…Наша батарея «катюш» следовала на огневую позицию. Ехали мы медленно: дороги — сплошной сыпучий песок, машины, тяжело урча перегревшимися моторами, еле-еле двигались. Справа виднелось желто-белое песчаное полотно, слева к самой дороге подходил молодой хвойный лесок. На обочине, у вездеходного «виллиса», стояли и рассматривали карту два офицера: майор и старший лейтенант. Он-то и оказался Педаном.
Я крикнул:
— Петр Яковлевич!
Тот оторвался от карты и, узнав меня, обрадовался:
— Братченко!
Но соскочить с боевой установки, чтобы задержаться и хотя бы несколько минут поговорить со своим учителем, не было никакой возможности. Так и окончилась эта наша мимолетная встреча.

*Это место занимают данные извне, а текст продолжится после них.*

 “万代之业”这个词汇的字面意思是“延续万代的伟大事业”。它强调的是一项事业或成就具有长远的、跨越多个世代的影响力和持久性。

Уже после войны узнал я, что мой учитель погиб.
А Шевченко?
После изгнания фашистов из Головковки я получил письмо от сестры Марфы, в котором она сообщала адрес старшего брата Гаврилка — Тимофея. Он тоже был на фронте и тоже ничего не знал о брате…

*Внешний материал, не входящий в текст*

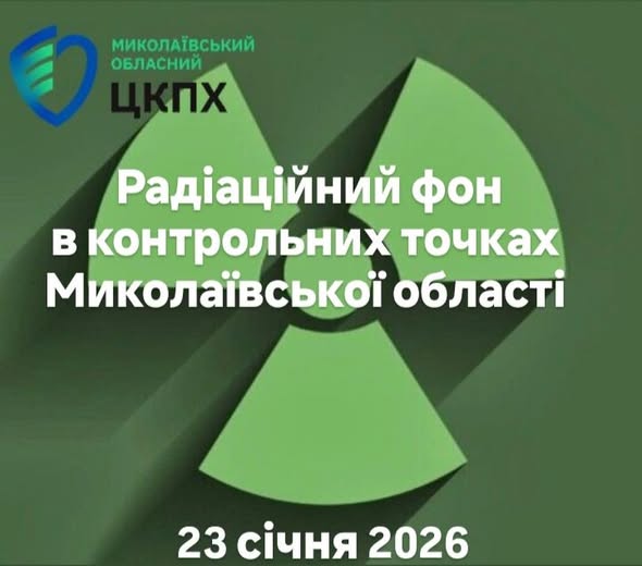 Фахівці ДУ “Миколаївський обласний центр контролю та профілактики хвороб МОЗ України” щоденно проводять вимірювання радіаційного фону на території Миколаївської області станом на 23 січня 2026 року
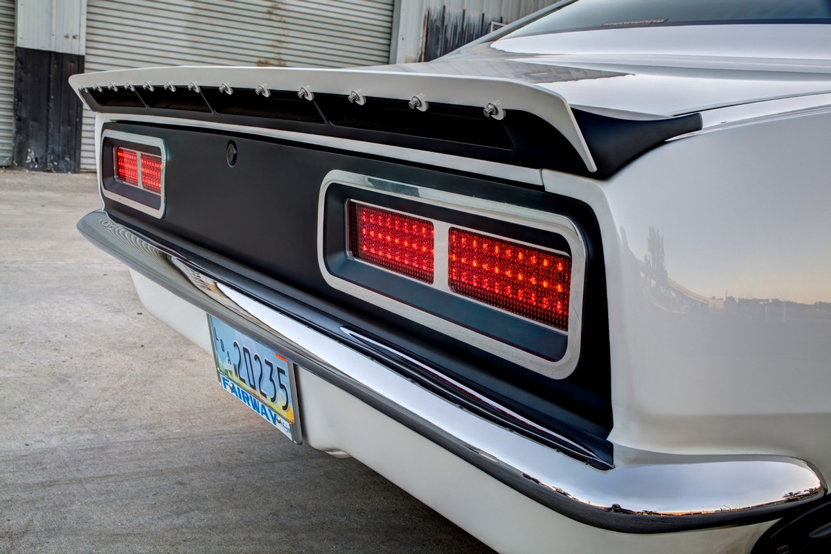 The Camaro’s front grille was custom-made, and the lower front valance was extended, not only for a distinctive appearance but also to accommodate a larger diameter fog light. The body was sprayed in Henrich’s favorite PPG Summit white paint, ensuring the car’s appearance was as stunning as its performance.

Закончилась война. Умерли отец и мать Шевченко, не дождавшись весточки от младшего своего сына. Но по-прежнему ждали Гаврилка два старших брата-фронтовика — Михаил с Тимофеем — и сестра Дуня. Десятилетия ждали! Но так ничего о нем до сих пор не известно. Мой славный Гаврилко, наверное, как к тысячи других, попал в печальный список без вести пропавших…
А какова судьба Степана Донца?
В конце 1943 года он был третий раз ранен. К тому времени наше село уже освободили от врага. Накануне полного выздоровления Донец попросился на несколько дней домой. Отпустили.

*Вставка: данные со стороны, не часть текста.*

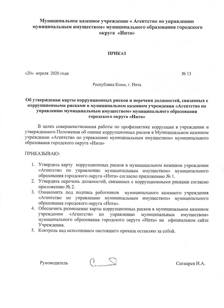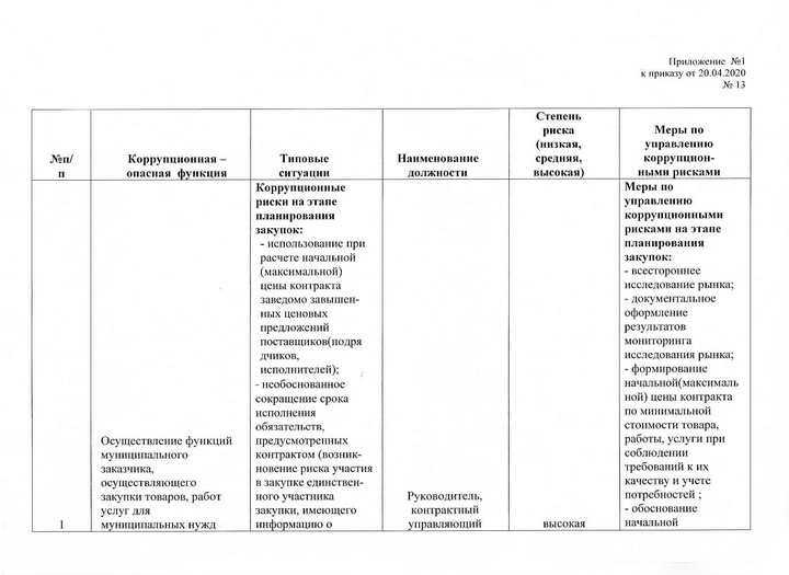 Приказ об утверждении карты коррупционных рисков и перечня должностей, связанных с коррупционными рисками

Спешил он в Головковку, очень спешил! Потому что жила там одинокая больная мать. И еще потому, что ему очень хотелось встретиться со своей Наташей, которую Степан не видел два с половиной года и о которой не переставал все время думать.
С матерью он увиделся, а вот с любимой — нет: фашисты угнали ее на каторжные работы в Германию. Десять дней имел право Степан быть дома, а прожил всего лишь пять: горевал, тосковал по Наташе… И, попрощавшись с матерью, уехал на фронт.
Обо всем этом я узнал из его писем, которыми мы регулярно обменивалась в 1944 году. А потом вдруг их не стало. Написал я в Головковку его матери, и она сообщила о том, что ей тоже ничего нет от Степы.
В победном сорок пятом мне довелось побывать в отпуске — через целых четыре года вернуться в родное село. На его улицах я увидел подбитые вражеские пушки, окрашенные в желто-песочный цвет: они были переброшены сюда из Африки, где действовал фашистский экспедиционный корпус.
На полях, в лощинах и балках виднелись «тигры», «пантеры» с опущенными стволами, укрощенные нашими артиллеристами и летчиками. Кругом — вырубленные сады… Пустые, без всякой живности, фермы…
Но люди, претерпевшие за годы оккупации столько горя, не обращали внимания ни на разор вокруг, ни на душевную боль: не было ведь ни одной не пострадавшей от войны семьи! В этой — муж убит, в другой — брат, в третьей — сын…
Землю пахали чудом уцелевшими коровами. Сеяли — как сто лет назад: из мешка, вручную. Уже после победы я встретил в Головковке многих своих ровесников, вернувшихся с фронта. Кто был без руки… Кто — на костылях… Кто — в шрамах, в рубцах…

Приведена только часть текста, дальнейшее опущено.